Simple examples for how intentional bugs can be abused to ovecome modern security measures.

Caveats:

• Only works for Linux and x86-64 CPUs (probably).
• Due to potential differences in how compilers might lay out the stack, offsets used in exploits might differ, or they might not work at all*.

*: This could happen if for example, a critical local variable is overwritten with a bad value, like a loop index (i), which would cause additional misbehavior.

If the provided paddings do not work, figuring out the required padding would require disassembling your program or firing up gdb.

Source: no-stack-protector.c

Note: requires ASLR to be disabled and compiling without stack protector (no-stack-protector).

This will print the address of bad, which will be used in the second step:

bin/no-stack-protector <<< "ok"

tools/payload --padding 72 0x5555555547d0 | bin/no-stack-protector

Source: with-stack-protector.c

The GCC Stack Protector appends a prologue and epilogue to functions it deems sensitive to overflows (or all if -fstack-protector-all is specified). The prologue will store a random canary value immediately before the return pointer on the stack, and the epologue will verify that this value hasn't been tampered with. The idea being that it will be hard to tamper with the return pointer without corrupting the canary.

The stack protector will also reorder local variables stored on the stack so that buffers (e.g. char[64]) are stored at the top. The reasoning being that overflowing these buffers should not permit overwriting local variables so easily.

The program can be circumvent this protection by exploiting an intentional overflow to overwrite a locally stored function pointer (h) to point to our bad function. Since the local variables have been reordered, we have to abuse an overflow in reverse, causing memory prior to the buffer to be overwritten.

Find pointer to the bad function:

bin/with-stack-protector <<< "foo"

Use it here:

tools/payload --padding 71 --reverse 0x400667 | bin/with-stack-protector

Source: with-aslr.c

This is an example of a program that will leak memory on input overflows.

It accomplishes this by overwriting a variable on the stack that is supposed to point to a fixed string Everything is OK!, with a memory location of our choice.

This uses the same principle as the program circumventing the GCC Stack Protector.

tools/payload --length-prefix --padding 64 --reverse 0x55555555478b | bin/with-aslr | xxd

With our leaky program, we have the ability to scan the memory for secrets or to find the location of our bad function which will be crucial to perform the exploit.
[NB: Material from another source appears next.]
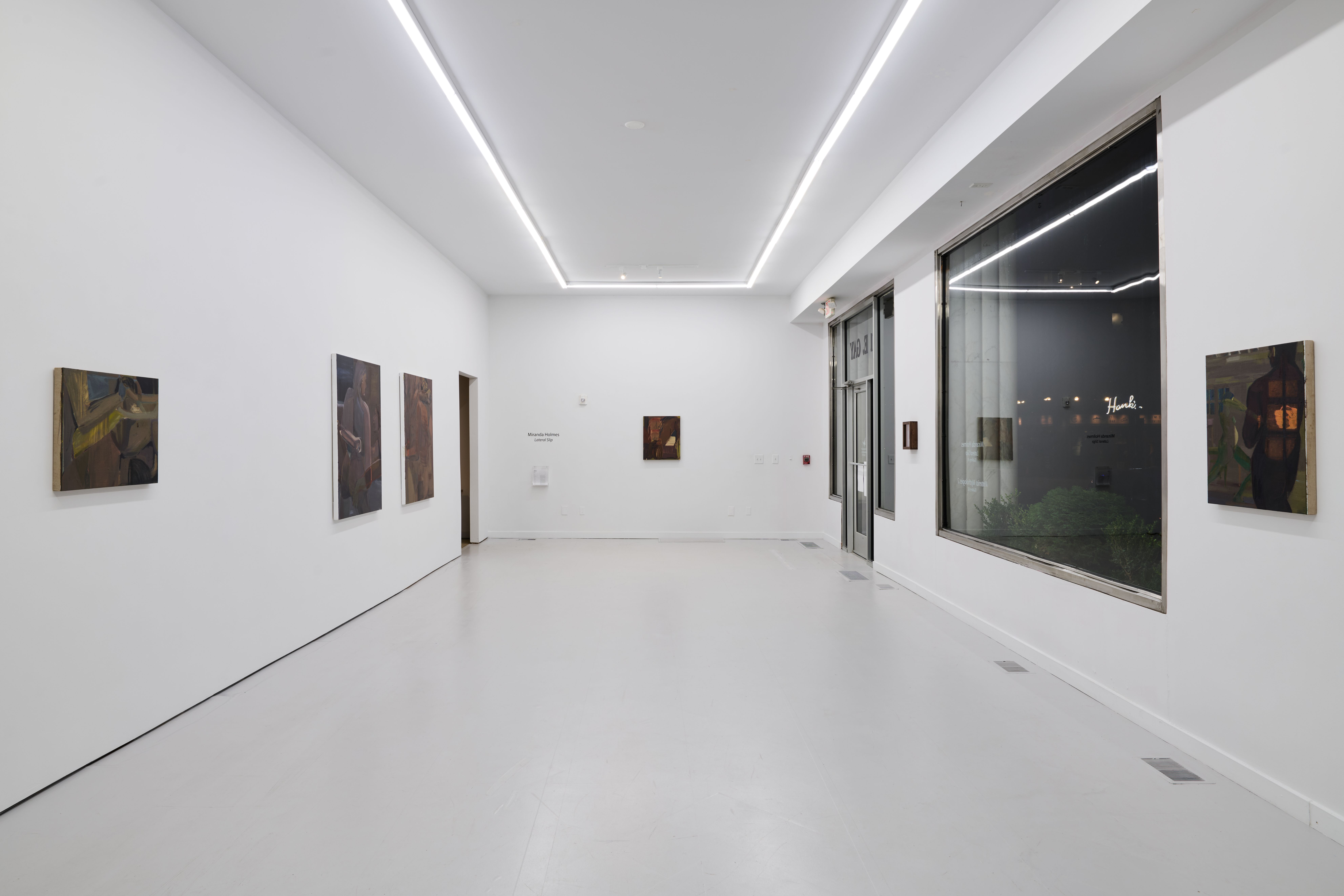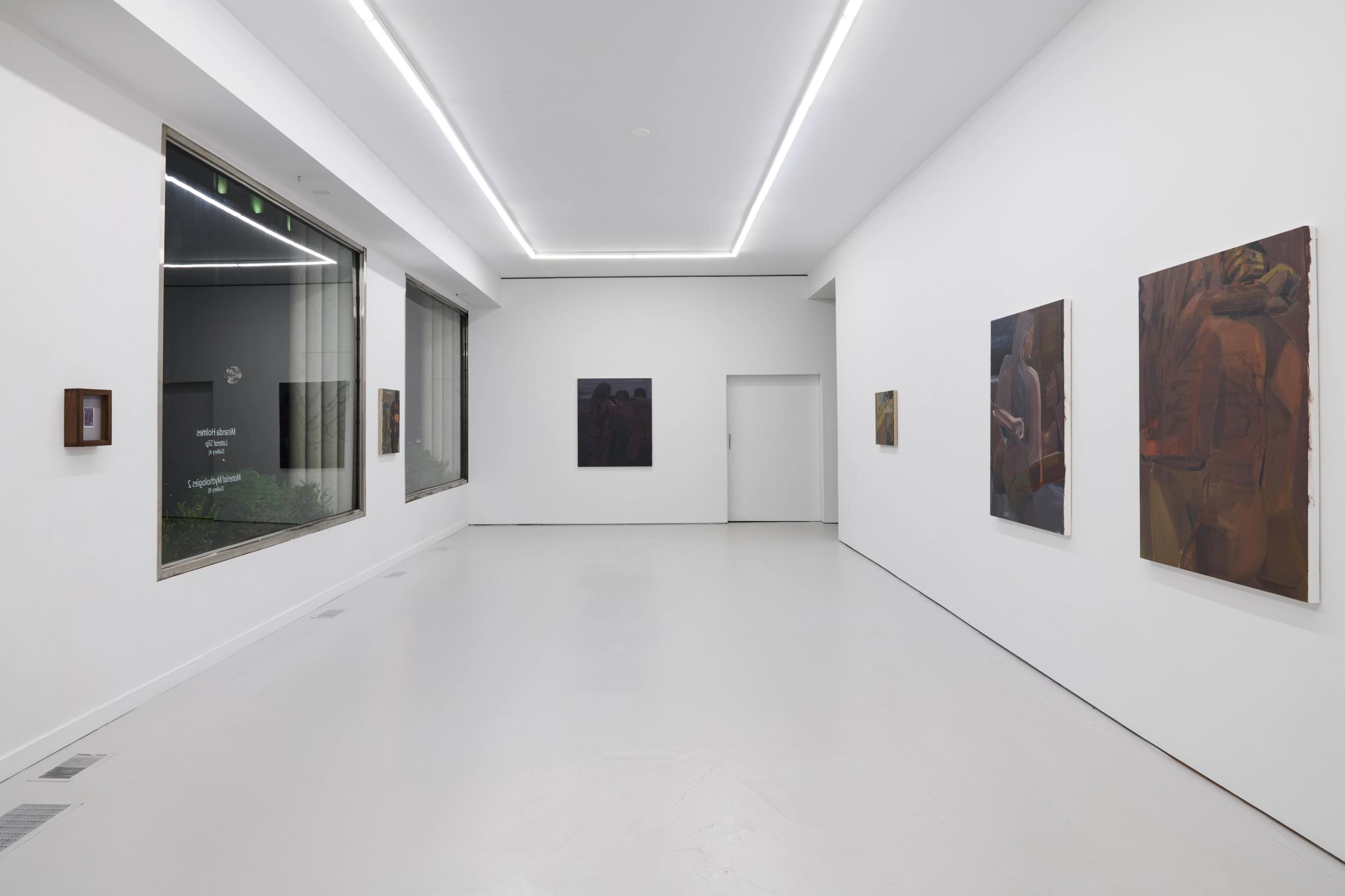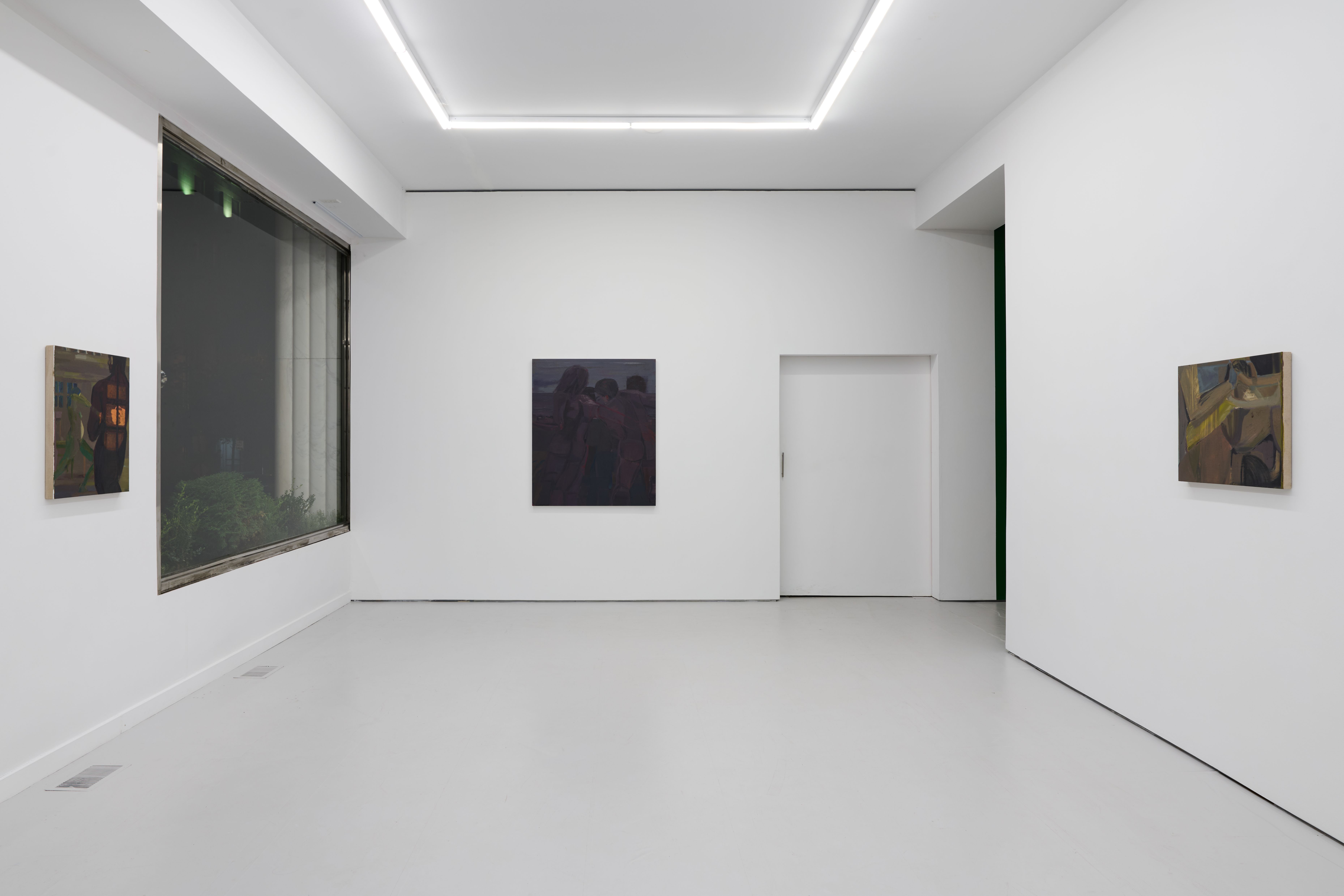 Rendered in a sunken color palette, the hazy nocturnal atmosphere of these paintings evokes the difficulty of interpreting the shared space of a relationship. Even the seemingly most straightforward depictions, such as the melting embrace of two lovers in the work, Low Heat, reflects the aporia of relationships. The ferocity of the catapult into the lover's arms almost overshadows the affection of the embrace, pointing to the fact that physical contact serves just as often a means of avoiding intimacy as establishing it. While Holmes' oeuvre is populated by one figure staring down another, the more precarious micromoment of mutual eye contact rarely takes place. In her painting, American Wavers, which travels outside the confines of the domestic interior to an equally claustrophobic political demonstration, Holmes leverages the disengaged stare of the participants for maximum eeriness, leaving the viewer to wonder whether this is a march of solidarity or a subtle display of one-upmanship.

ALSR is a kernel feature which causes libraries and applications to be loaded from a randomized offset in virtual memory. This makes it harder to write exploits which require memory locations to be fixed.

Disabling ASLR will be required for some of these examples, this can be done temporarily through sysctl:

sudo sysctl -w kernel.randomize_va_space=0

You can test if ASLR is disabled by running:

bin/no-stack-protector <<< "ok"
bad = ...

If the same address for bad is printed every time it has been successfully disabled.